Kubernetes deployment:

apiVersion: apps/v1
kind: Deployment
metadata:
name: layerscale
spec:
replicas: 1
selector:
matchLabels:
app: layerscale
template:
metadata:
labels:
app: layerscale
spec:
containers:
- name: layerscale
image: layerscale/layerscale:latest
ports:
- containerPort: 8080
env:
- name: LAYERSCALE_LICENSE_KEY
valueFrom:
secretKeyRef:
name: layerscale-secrets
key: license-key
args:
- "--model"
- "meta-llama/Llama-3.1-8B-Instruct"
- "--ctx-size"
- "16384"
- "--log-format"
- "json"
resources:
limits:
nvidia.com/gpu: 1
memory: 32Gi
livenessProbe:
httpGet:
path: /health
port: 8080
initialDelaySeconds: 120
periodSeconds: 30
readinessProbe:
httpGet:
path: /v1/health
port: 8080
initialDelaySeconds: 120
periodSeconds: 10
tolerations:
- key: nvidia.com/gpu
operator: Exists
effect: NoSchedule
---
apiVersion: v1
kind: Service
metadata:
name: layerscale
spec:
selector:
app: layerscale
ports:
- port: 80
targetPort: 8080
type: LoadBalancer

Health Checks

LayerScale exposes two health endpoints:

EndpointReturns 200 When
GET /healthServer is running and model is loaded
GET /v1/healthSame (OpenAI-compatible path)

Both return HTTP 503 while the model is still loading.

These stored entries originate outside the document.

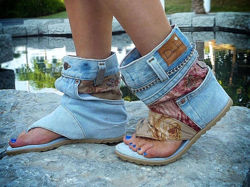 Летние сапожки из джинсовой ткани могут быть длинными или короткими, с украшениями в виде декоративных кармашков или потертостей. Кисточки, бахрома, разнообразные металлические элементы – все это будет уместно на летней джинсовой обуви. Разнообразие представленных изделий позволяет создать почти классический образ или неожиданно оказаться хулиганистой девочкой-подростком. Особенно они актуальны прохладным летним вечером.
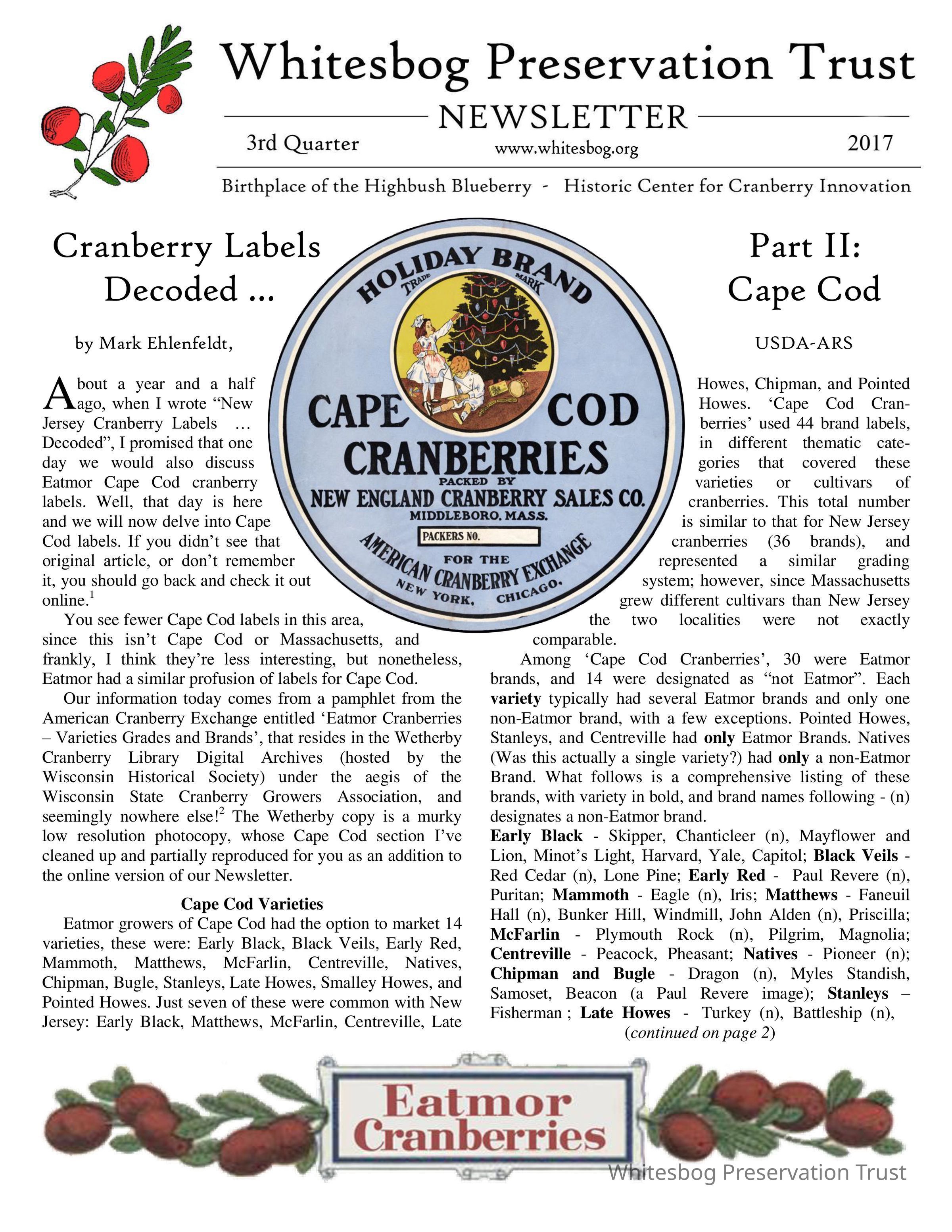 This issue features an article outlining the labels used for cranberries grown in the Cape Cod area.
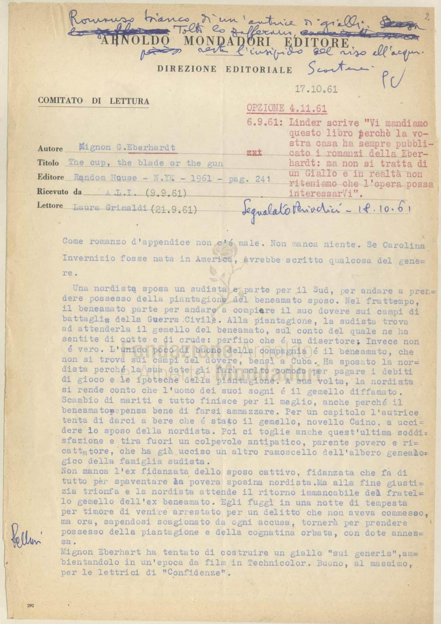 Mignon G. Eberhart ha tentato di costruire un giallo “sui generis”, ambientandolo in un’epoca di film in Technicolor…Buono al massimo per le lettrici di “Confidenze”».
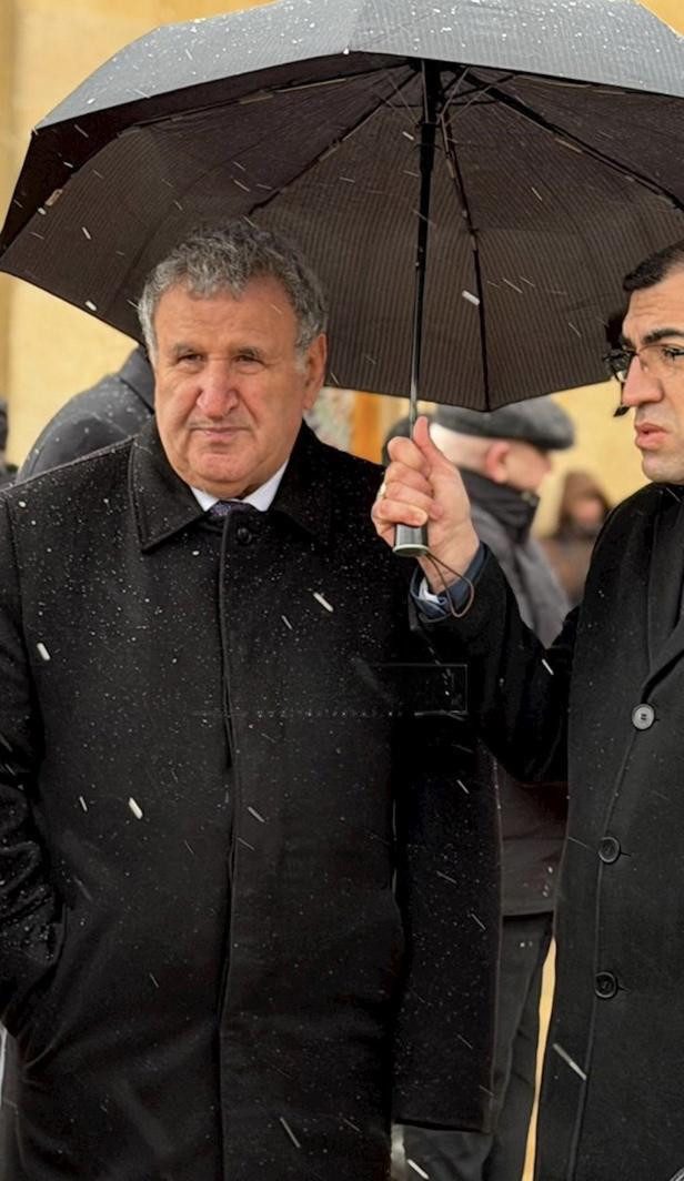 Digər fotoda isə akademik İsa Həbibbəyli var. AMEA-nın müxbir üzvü, illərlə elm cameəsində olan bir şəxs. O da eyni məkandadır, eyni yağış altındadır. Amma fərq ondadır ki, çətiri başqasının əlindədir. Kimsə onun üzərində dayanıb, onu yağışdan qoruyur. Sanki bu məkan onun üçün də bir az “xüsusi” hazırlanıb.
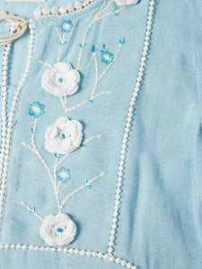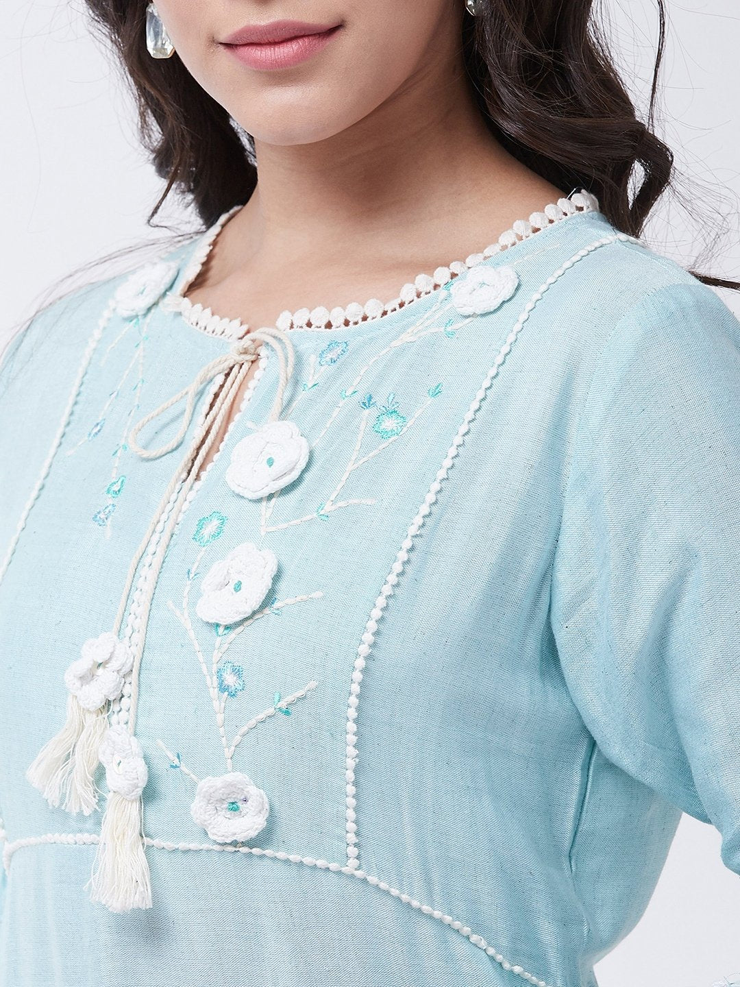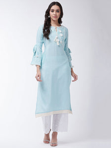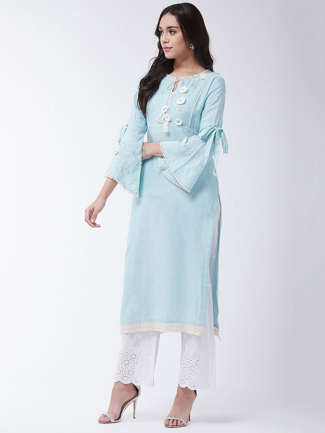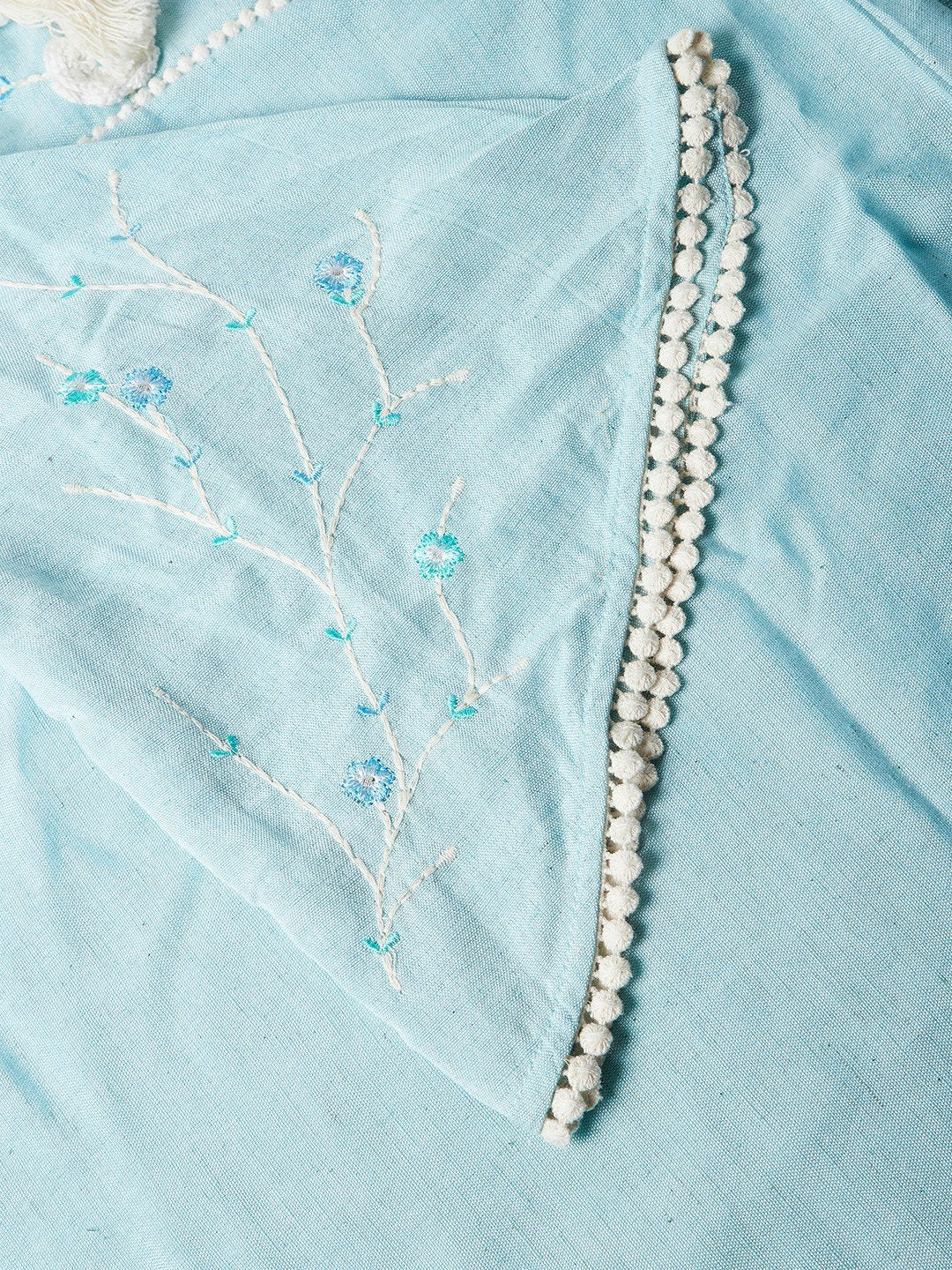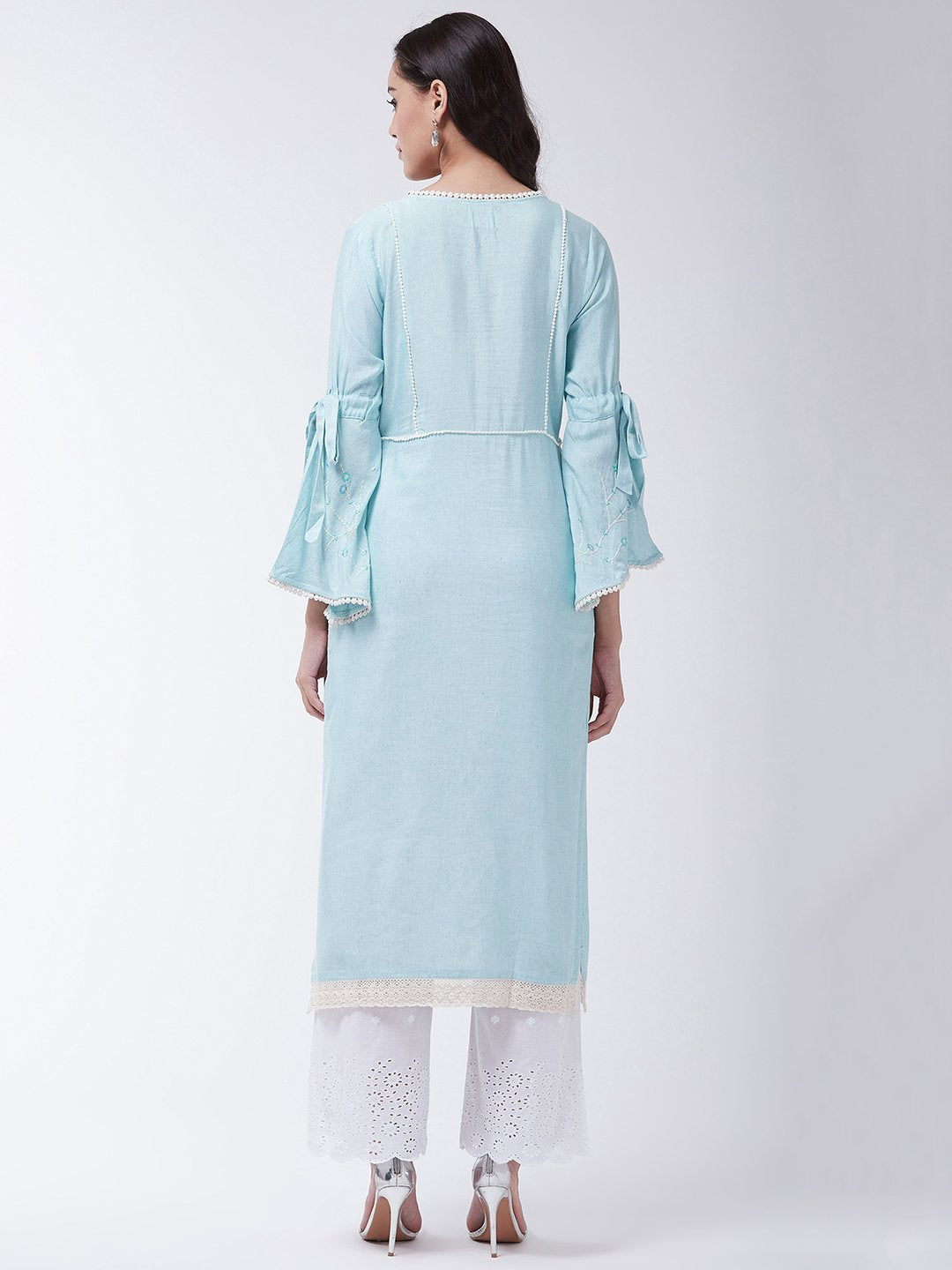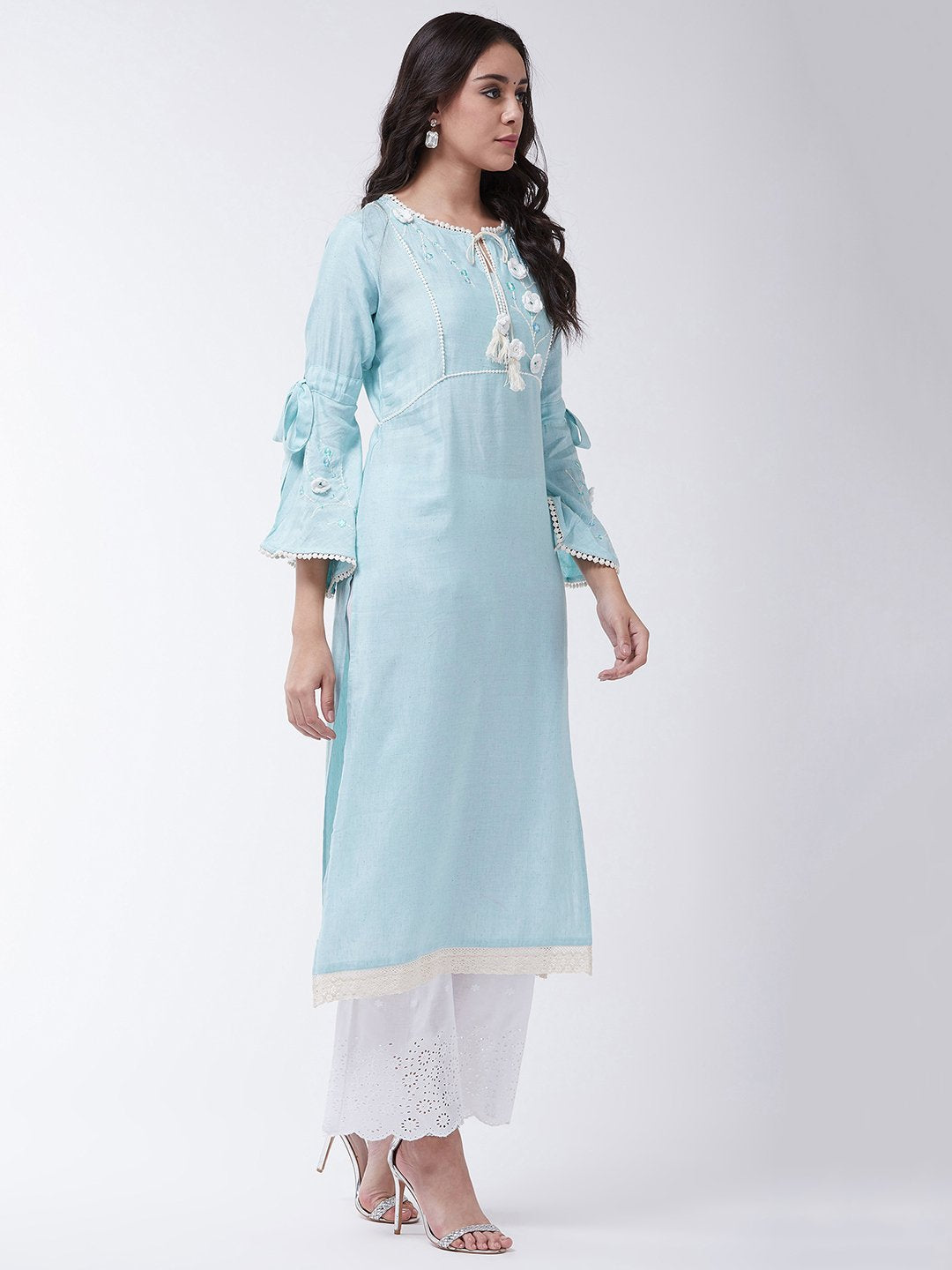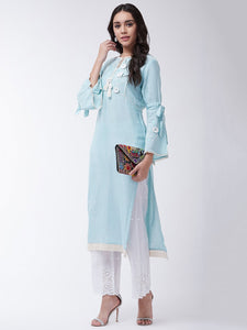 This chic sky blue Chikan work kurta and salwar set is the perfect blend of elegance and comfort. Accessorize this set with bronze bangles and heels for a pretty look.
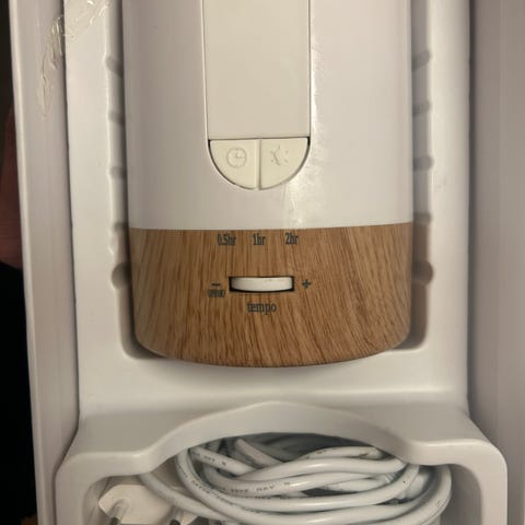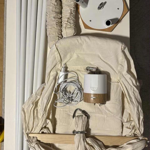Babynohr vuggemotor i hvid med trædetalje. Motoren monteres i loft eller stativ og bruges til at give en jævn vuggende bevægelse til vugge eller slyngevugge. Enheden har betjeningsknapper og regulering på fronten til indstilling af vuggehastighed og rytme. Velegnet til brug med babyvugger, hvor der ønskes automatisk vuggefunktion.
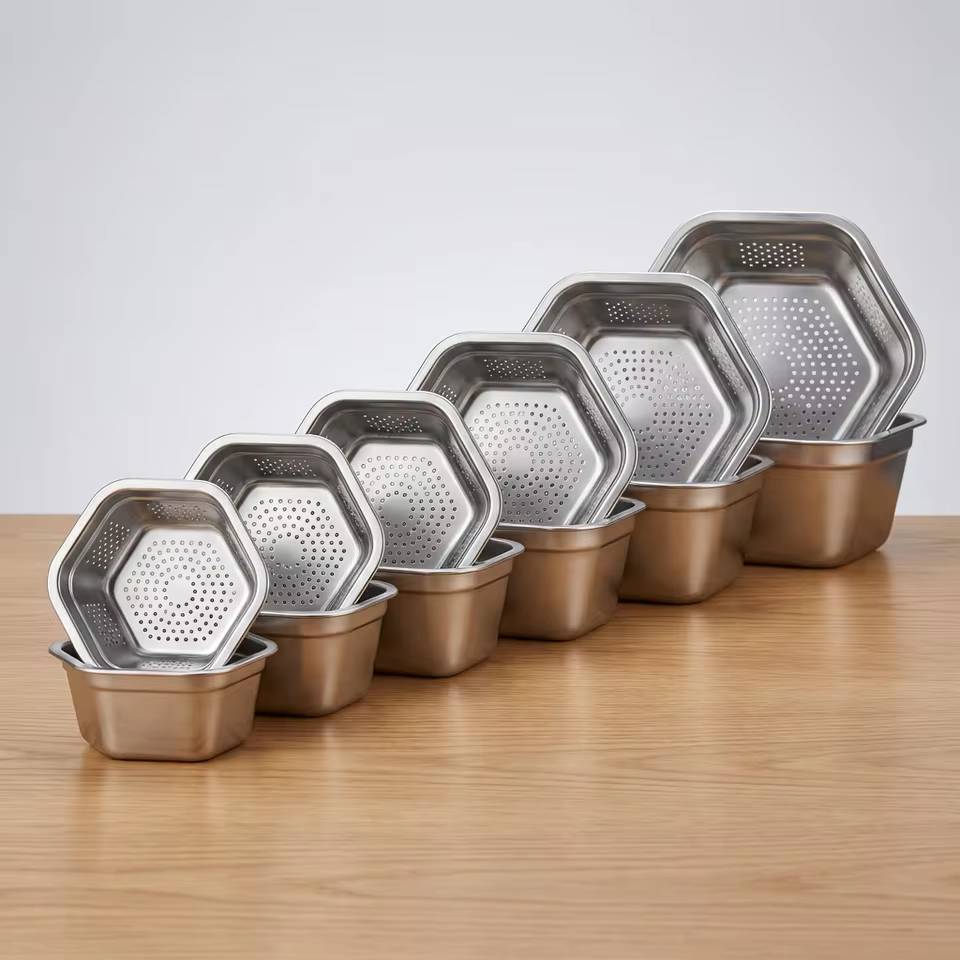 ست آبکش و لگن ۱۰ پار چه استیل شش ضلعی
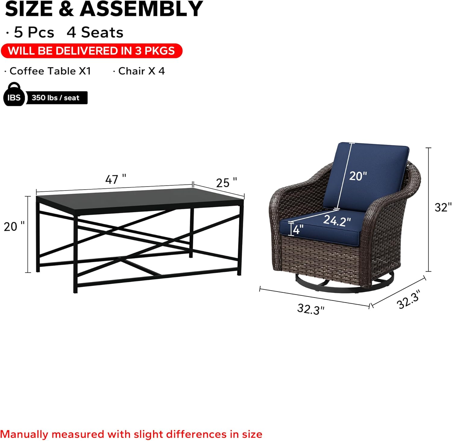 5 Pieces Outdoor Patio Conversation Furniture Set, 4 Pieces Rattan Glider 360 Degree Swivel Rocker Chairs with Removable Cushions, Coffee Table for Porch, Poolside (Navy Blue)
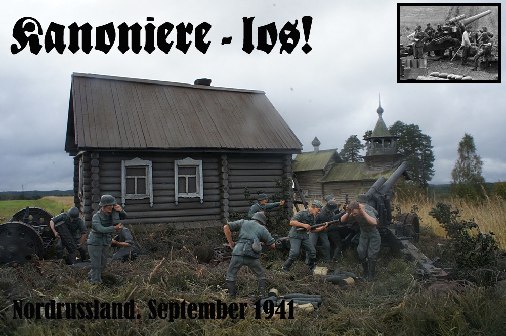 Работа создавалась в рамках конкурса. посвященного артиллерии на сайте диорама.ру. Дом от Бастион35, немного доработанный (завалинка, труба и печь от масштаб). Орудие и фигуры от Трумпетер. Солдатики достаточно "уродливые" изначально но попробовал использовать этот набор. Работа также одна из старых, закончена в августе 2012г. Фотосессия проходила в Карелии, в деревне Маньга. Местные пейзажи показались мне весьма удачными для реализации замысла.
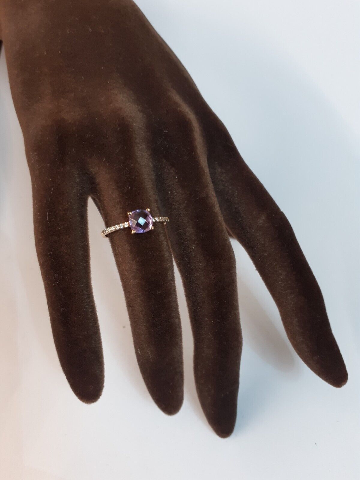 ametista viola sfaccettata e zirconi bianchi incastonati a grif

Configure your orchestrator’s health check with a generous start period (120-300 seconds) to allow for model loading.

Security

Network

  • Bind to 0.0.0.0 inside the container (default) but expose only on trusted networks
  • Use a reverse proxy (nginx, Caddy) for TLS termination
  • Restrict access with firewall rules or security groups

License Key

Store the license key securely:

Terminal window
# Docker: use environment variable
-e LAYERSCALE_LICENSE_KEY=your-key
# Docker Compose: use .env file
echo "LAYERSCALE_LICENSE_KEY=your-key" >> .env
# Kubernetes: use a Secret
kubectl create secret generic layerscale-secrets --from-literal=license-key=your-key

Never commit the license key to version control.